PROBLEM TO SOLVE
Copy the data exactly, pictures aside.

COLLECTED DATA
________________________

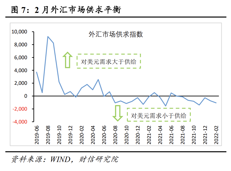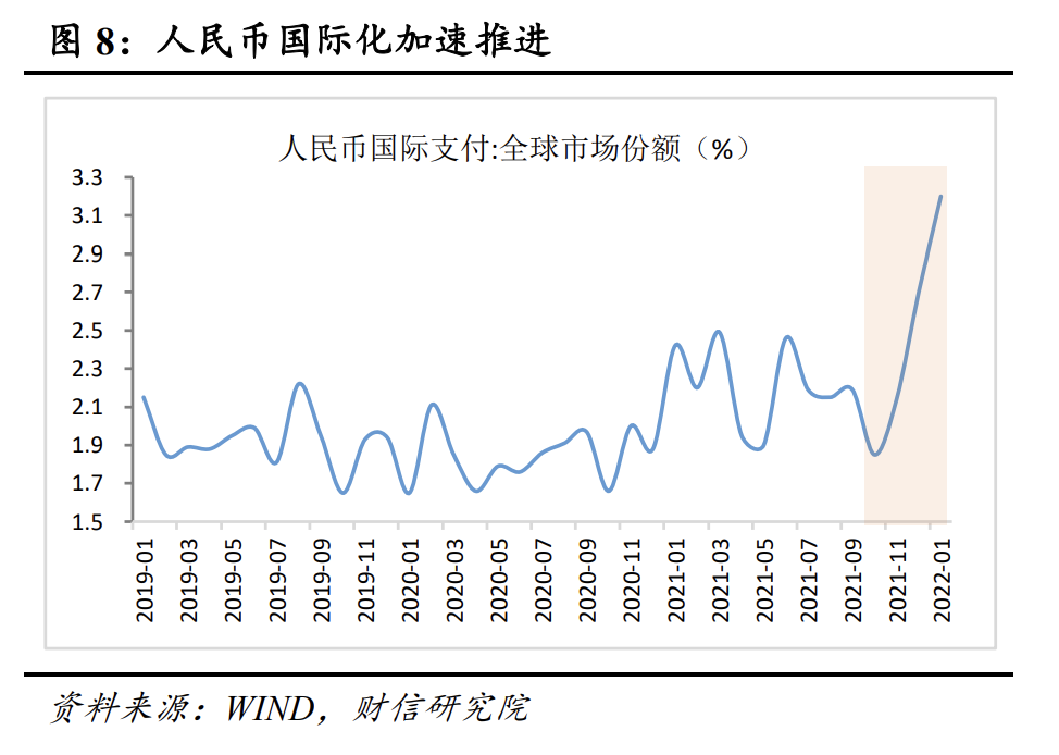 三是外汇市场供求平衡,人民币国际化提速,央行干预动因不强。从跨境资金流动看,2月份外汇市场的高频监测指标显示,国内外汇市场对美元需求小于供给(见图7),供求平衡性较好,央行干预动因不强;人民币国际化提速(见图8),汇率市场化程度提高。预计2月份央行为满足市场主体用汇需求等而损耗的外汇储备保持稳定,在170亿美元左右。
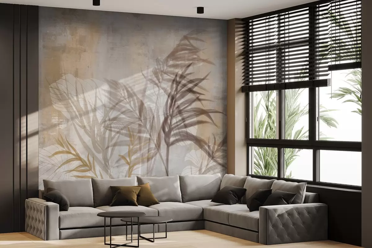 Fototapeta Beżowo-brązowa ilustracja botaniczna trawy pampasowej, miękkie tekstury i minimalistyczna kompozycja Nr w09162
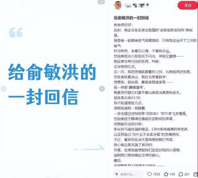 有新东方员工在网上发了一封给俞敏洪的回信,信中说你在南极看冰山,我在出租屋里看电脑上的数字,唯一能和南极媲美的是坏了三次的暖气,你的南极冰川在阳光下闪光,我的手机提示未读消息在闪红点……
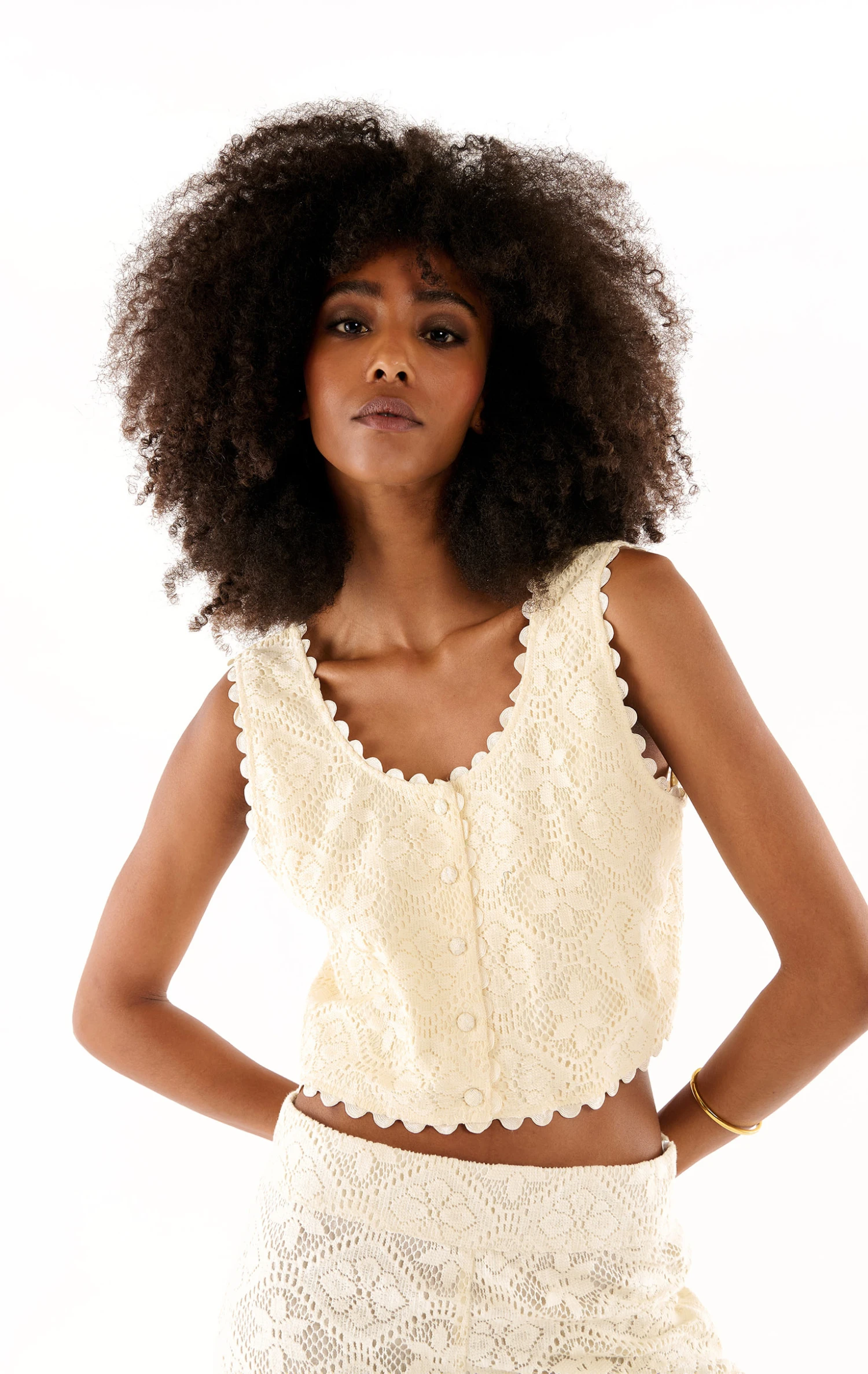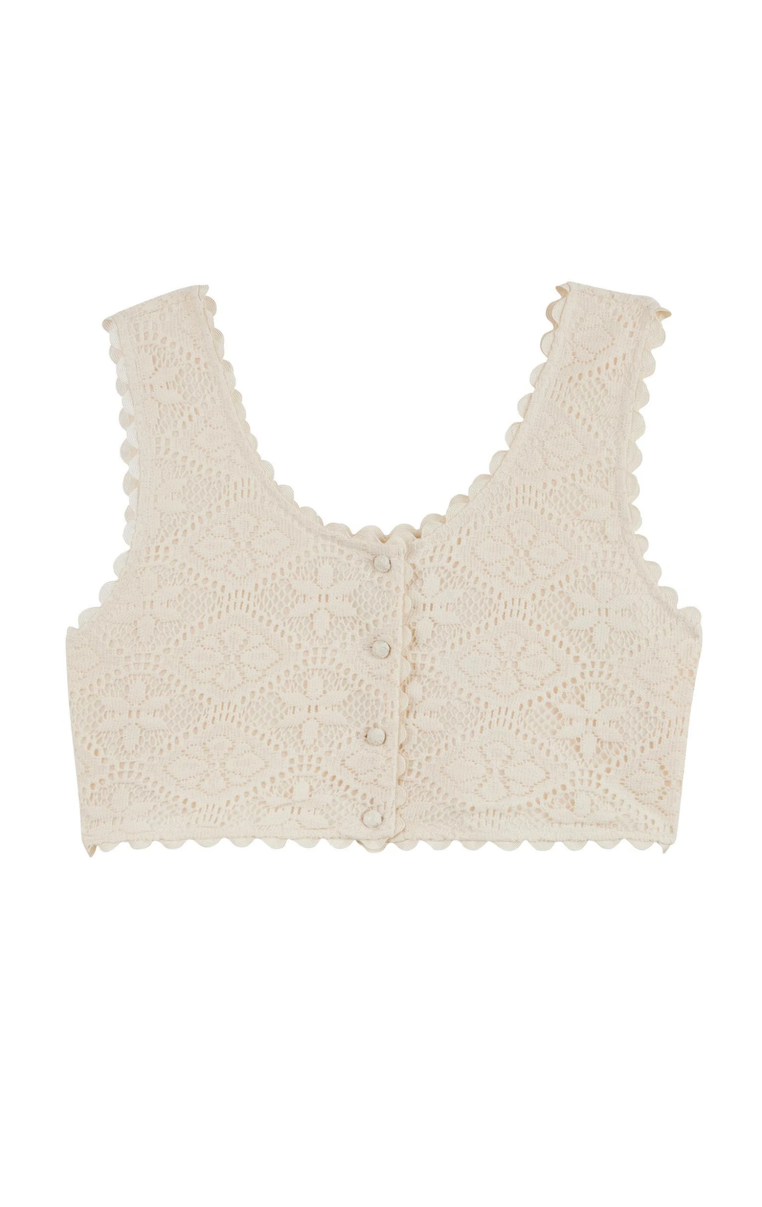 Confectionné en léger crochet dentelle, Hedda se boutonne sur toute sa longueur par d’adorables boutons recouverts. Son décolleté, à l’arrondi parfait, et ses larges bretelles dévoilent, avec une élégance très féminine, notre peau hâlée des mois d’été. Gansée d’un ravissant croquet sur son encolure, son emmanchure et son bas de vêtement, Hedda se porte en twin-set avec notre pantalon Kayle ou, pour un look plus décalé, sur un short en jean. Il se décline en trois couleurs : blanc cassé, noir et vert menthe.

________________________

ANSWER SECTION
 三是外汇市场供求平衡,人民币国际化提速,央行干预动因不强。从跨境资金流动看,2月份外汇市场的高频监测指标显示,国内外汇市场对美元需求小于供给(见图7),供求平衡性较好,央行干预动因不强;人民币国际化提速(见图8),汇率市场化程度提高。预计2月份央行为满足市场主体用汇需求等而损耗的外汇储备保持稳定,在170亿美元左右。
 Fototapeta Beżowo-brązowa ilustracja botaniczna trawy pampasowej, miękkie tekstury i minimalistyczna kompozycja Nr w09162
 有新东方员工在网上发了一封给俞敏洪的回信,信中说你在南极看冰山,我在出租屋里看电脑上的数字,唯一能和南极媲美的是坏了三次的暖气,你的南极冰川在阳光下闪光,我的手机提示未读消息在闪红点……
 Confectionné en léger crochet dentelle, Hedda se boutonne sur toute sa longueur par d’adorables boutons recouverts. Son décolleté, à l’arrondi parfait, et ses larges bretelles dévoilent, avec une élégance très féminine, notre peau hâlée des mois d’été. Gansée d’un ravissant croquet sur son encolure, son emmanchure et son bas de vêtement, Hedda se porte en twin-set avec notre pantalon Kayle ou, pour un look plus décalé, sur un short en jean. Il se décline en trois couleurs : blanc cassé, noir et vert menthe.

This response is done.